More precise with math proof:  
$T(n)=\mathcal{O}(\phi^n), \text{where $\phi$ - golden ratio($1.6180339887498948482...$)}$ (**still very bad**)
### Space Complexity (how much memory it requires)
Let's analyze the call stack:
```
F(n)
↳F(n-1)
  ↳F(n-2)
    ↳F(n-3)
      ↳...
        ↳F(1)
↳F(n-2)
  ↳F(n-3)
    ↳...
      ↳F(1)
```
It doesn't go deeper than $n$ so the space complexity is $\mathcal{O}(n)$

## Relative speed of $\mathcal{O}(2^n)$, $\mathcal{O}(n)$ and $\mathcal{O}(\lg n)$

In [None]:
import time

def measure_call(target, name):
    start = time.clock()
    target()
    elasped = time.clock() - start
    print('%s: %g ms' % (name, elasped * 1000))

In [None]:
def fibonacci_exp(n):
    if n==1:
        return 0
    if n==2:
        return 1
    return fibonacci_exp(n-1)+fibonacci_exp(n-2)

In [None]:
def fibonacci_linear(n):
    if n==1:
        return 0
    if n==2:
        return 1
    f1 = 0
    f2 = 1
    for i in range(2, n):
        f2, f1 = f2 + f1, f2
    
    return f2

In [None]:
def fibonacci_logarithmic(n):
    if n==1:
        return 0
    if n==2:
        return 1

    # Helper function: returns True if n is an even number.
    even = lambda n: (n % 2 == 0)

    (current, next, p, q) = (0, 1, 0, 1)    
    
    n -= 1

    while (n > 0):
        if (even(n)):
            (p, q) = (p**2 + q**2, q**2 + 2*p*q)
            n /= 2
        else:
            (current, next) = (p*current + q*next, q*current + (p+q)*next)
            n -= 1
    
    return current

In [None]:
print('fibonacci_exp(10) =', fibonacci_exp(10))
print('fibonacci_linear(10) =', fibonacci_linear(10))
print('fibonacci_logarithmic(10) =', fibonacci_logarithmic(10))

In [None]:
def run_trial(n):
    if n > 40:
        print('exponential: ∞')
    else:
        measure_call(lambda: fibonacci_exp(n), 'exponential')
    measure_call(lambda: fibonacci_linear(n), 'linear')
    measure_call(lambda: fibonacci_logarithmic(n), 'logarithmic')

In [None]:
run_trial(10)

In [None]:
run_trial(20)

In [None]:
run_trial(30)

In [None]:
run_trial(40)

In [None]:
run_trial(100000)

In [None]:
run_trial(1000000)

## Amortized Time
From stackoverflow:
> If you do an operation say a million times, you don't really care about the worst-case or the best-case of that operation - what you care about is how much time is taken in total when you repeat the operation a million times.
>
> So it doesn't matter if the operation is very slow once in a while, as long as "once in a while" is rare enough for the slowness to be diluted away. Essentially amortised time means "average time taken per operation, if you do many operations". Amortised time doesn't have to be constant; you can have linear and logarithmic amortised time or whatever else.
> 
> Let's take mats' example of a dynamic array, to which you repeatedly add new items. Normally adding an item takes constant time (that is, O(1)). But each time the array is full, you allocate twice as much space, copy your data into the new region, and free the old space.
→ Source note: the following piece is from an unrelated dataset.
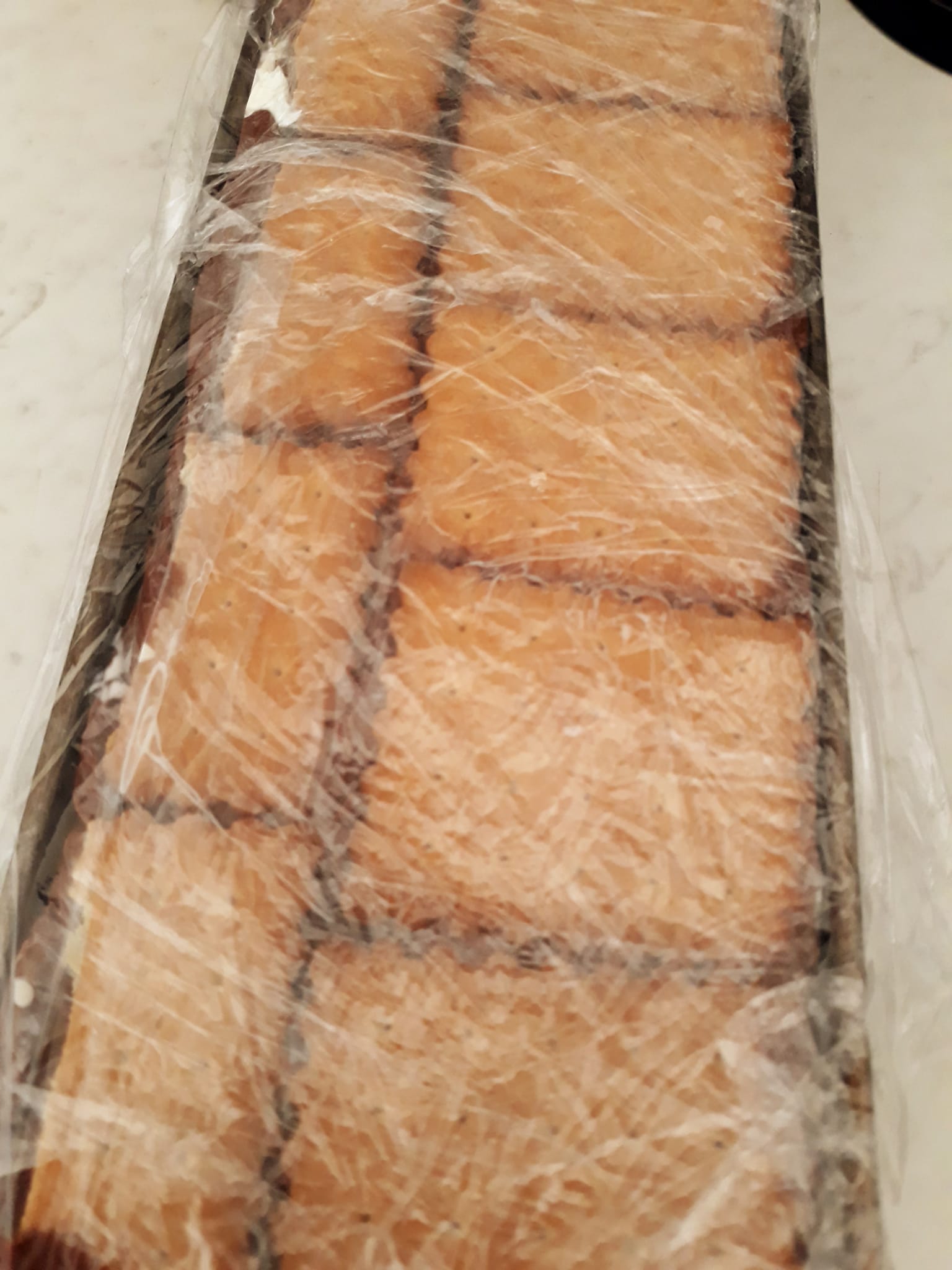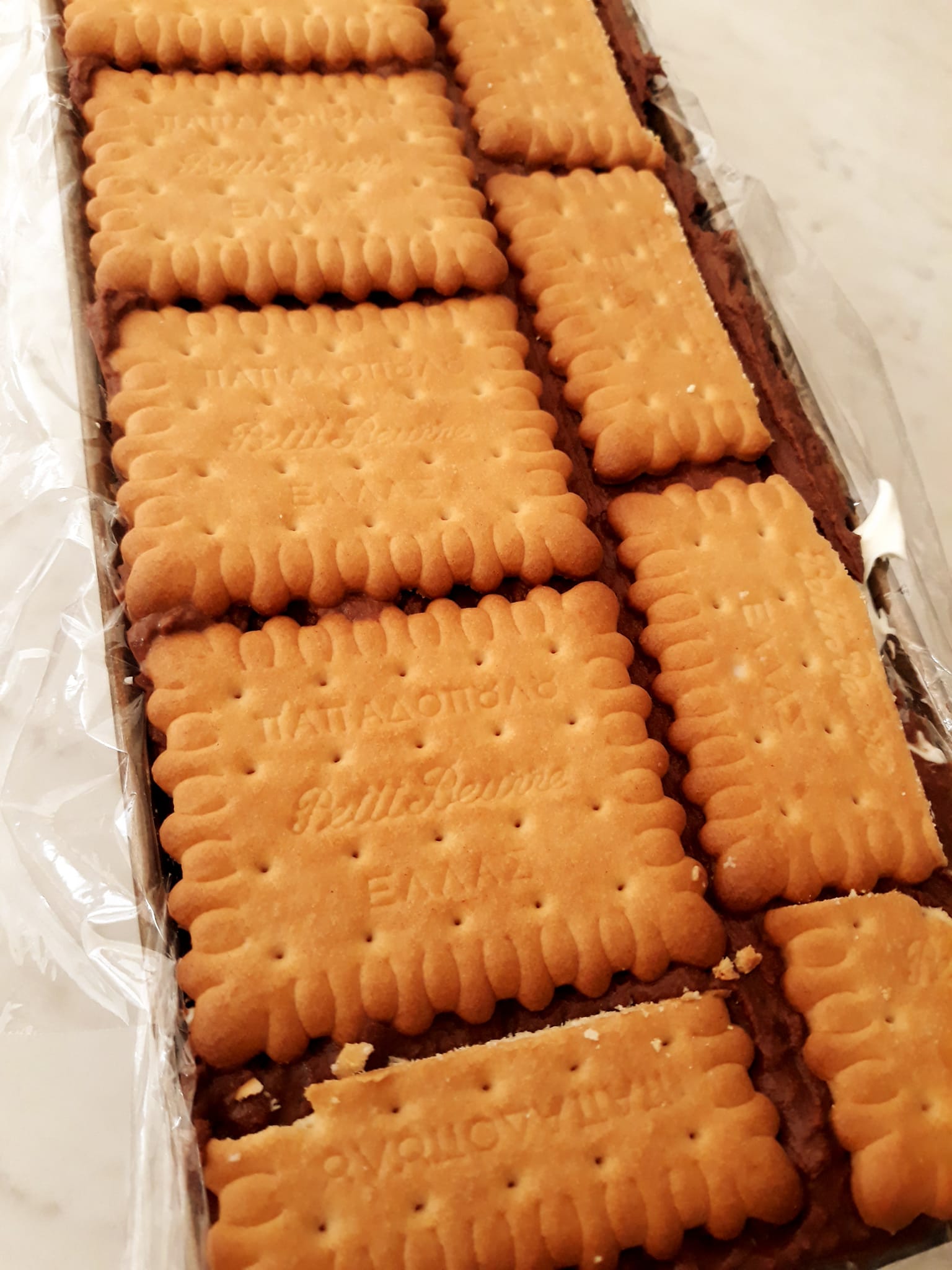 και καλύπτουμε τελευταία στρώση με τα μπισκότα με μεμβράνη

Assuming allocates and frees run in constant time, this enlargement process takes O(n) time where n is the current size of the array.
> 
> So each time you enlarge, you take about twice as much time as the last enlarge. But you've also waited twice as long before doing it! The cost of each enlargement can thus be "spread out" among the insertions. This means that in the long term, the total time taken for adding m items to the array is O(m), and so the amortised time (i.e. time per insertion) is O(1).